Dmitri Orlov, UC San Diego
The development of materials that can withstand extreme heat flux environments is crucial for both the realization of fusion energy and the exploration of the solar system. Testing heat shield materials is challenging due to the lack of adequate ground testing facilities. Here, we present a study of carbon ablation in high-heat plasma relevant to hypervelocity spacecraft entries that was conducted in the DIII-D tokamak. We showed that conditions in the DIII-D L-mode edge plasma can reproduce the flow velocity and high heat flux experienced during the Galileo probe's entry into the atmosphere of Jupiter.
In this study, three types of experiments were conducted using stationary graphite rods, porous carbon spherical pellets, and glassy carbon spherical pellets. In each case, the mass loss rates as a function of heat flux was determined from an extensive array of spectroscopic measurements and compared against several semi-empirical ablation models obtained from spacecraft flight data. Additionally, the experimental results for the pellet trajectories and mass loss rates of the porous and glassy carbon pellets were confirmed using the UEDGE-DUSTT simulations. The coefficients learned from the experiment and the semi-empirical models were used in simulations to investigate the ablation of different carbonaceous objects as they enter Jupiter's atmosphere. The results of this study demonstrate that scaling between DIII-D experiments, available flight data, and numerical models can be used to optimize heat shields for future planetary missions.

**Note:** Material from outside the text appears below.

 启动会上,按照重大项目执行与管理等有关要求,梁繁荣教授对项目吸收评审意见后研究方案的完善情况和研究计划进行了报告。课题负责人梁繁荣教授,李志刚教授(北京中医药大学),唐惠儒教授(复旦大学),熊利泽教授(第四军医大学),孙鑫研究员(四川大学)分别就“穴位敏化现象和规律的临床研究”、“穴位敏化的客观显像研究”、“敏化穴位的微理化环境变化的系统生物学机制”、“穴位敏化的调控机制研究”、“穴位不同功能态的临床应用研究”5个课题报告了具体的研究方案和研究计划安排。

This material is based upon work supported by the U.S. Department of Energy, Office of Science, Office of Fusion Energy Sciences, using the DIII-D National Fusion Facility, a DOE Office of Science user facility, under Awards DE-SC0022554, DE-SC0021338, DE-SC0023375, and DE-FC02-04ER54698.

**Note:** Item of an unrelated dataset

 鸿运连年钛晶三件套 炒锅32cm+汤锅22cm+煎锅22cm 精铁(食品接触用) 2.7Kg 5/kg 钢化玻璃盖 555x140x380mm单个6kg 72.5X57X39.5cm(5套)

Eruption of Dynamic Jets from an Arched Magnetized Laboratory Plasma
Shreekrishna Tripathi, UCLA
Solar photosphere and chromosphere are composed of partially ionized plasma, where interactions among neutrals and charged particles play important role in structure formation and dissipation of energy. A laboratory plasma experiment at UCLA has explored formation of jets from an eruptive arched magnetized plasma with dimensionless parameters relevant to the Sun's photosphere (β ≈0.001, Lundquist number ≈ 10000, plasma radius/ion gyroradius ≈ 20, ion-neutral collision frequency » ion cyclotron frequency). The arched plasma was kink- and torus-stable, therefore eruption leading to formation of a dynamic jet is not intuitive. Detailed measurements of plasma density, flow, temperature, and three-dimensional magnetic-field were performed. Development of a strong magnetic-shear in the arched plasma was identified to be the primary driver of the jet. Strong magnetic and thermal pressure gradients were recorded near the birthplace of jets prior to its formation. The jet evolves impulsively with supersonic speeds in the beginning (Mach 1.5). The plasma flow persists up to the resistive-diffusion time in the arched plasma. Highly-twisted magnetic structure of the jet, as a consequence of diamagnetic-currents, was observed. Ion-neutral charge-exchange collisions were identified to be efficient in producing the cross-field current that plays an important role in controlling the dynamics and aspect-ratio (ratio of length and width) of the jet.
References: Sklodowski, Tripathi, & Carter, “Dynamic Formation of a Transient Jet from Arched Magnetized Laboratory Plasma”, Astrophys. J., 953(1), 2023, 5
Acknowledgment: This research was primarily supported by the US Department of Energy under award number DE-SC0022153.